Keep the text of the data exactly as it is and omit each picture from the copy.

• [PROVIDED MATERIAL]
+++++

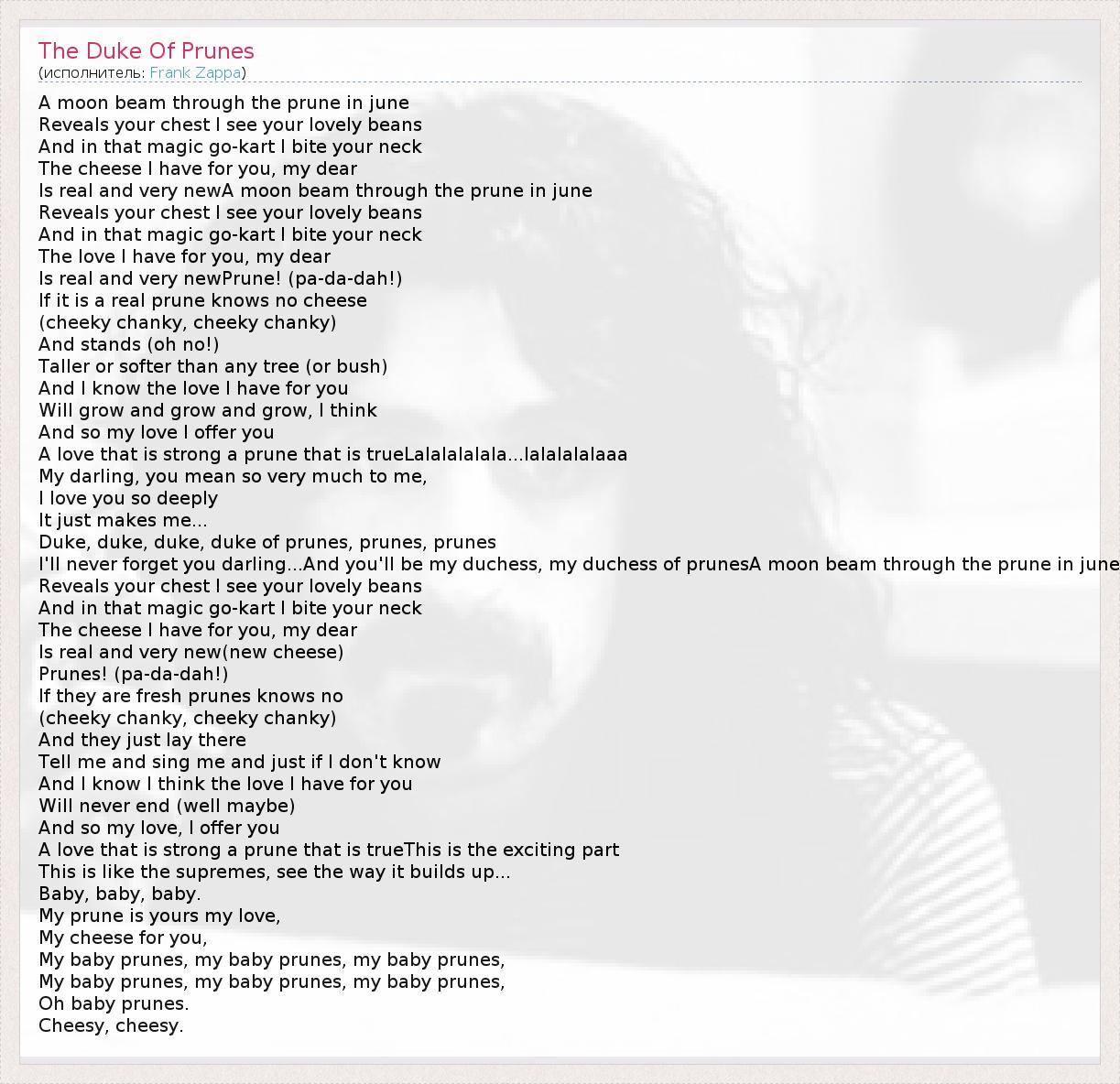 А как ты думаешь, о чем песня "The Duke Of Prunes" ?
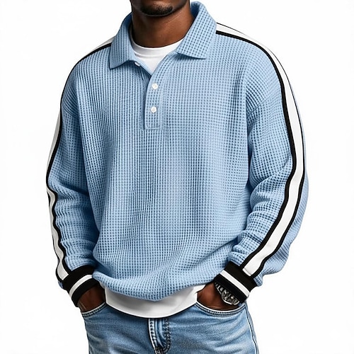Per uomo Magliette Polo a Nido d'Ape Polo Streetwear Casuale Bavero Manica Lunga Essenziale Moderno Semplice Bottoni Primavera Autunno Tutte le stagioni Vestibilità regolare Grigio Nero Bianco Blu
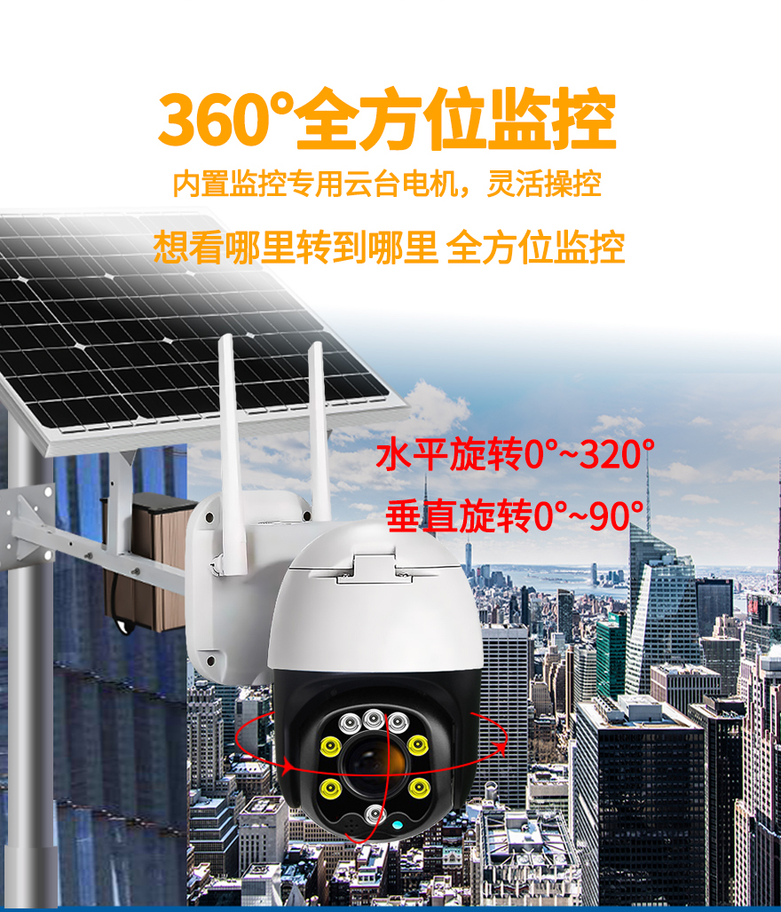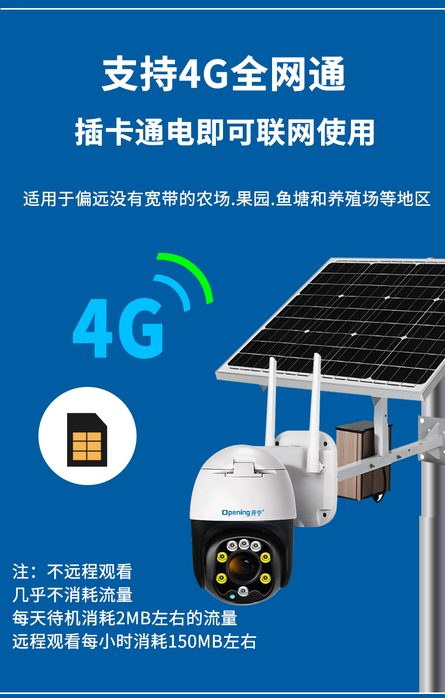 - ★這是一款開寧4G無線太陽能供電監(jiān)控系統(tǒng),一個機器就相當于一套監(jiān)控系統(tǒng),無電無網(wǎng)也可以使用;

+++++

• [YOUR RESPONSE]
 А как ты думаешь, о чем песня "The Duke Of Prunes" ?
Per uomo Magliette Polo a Nido d'Ape Polo Streetwear Casuale Bavero Manica Lunga Essenziale Moderno Semplice Bottoni Primavera Autunno Tutte le stagioni Vestibilità regolare Grigio Nero Bianco Blu
 - ★這是一款開寧4G無線太陽能供電監(jiān)控系統(tǒng),一個機器就相當于一套監(jiān)控系統(tǒng),無電無網(wǎng)也可以使用;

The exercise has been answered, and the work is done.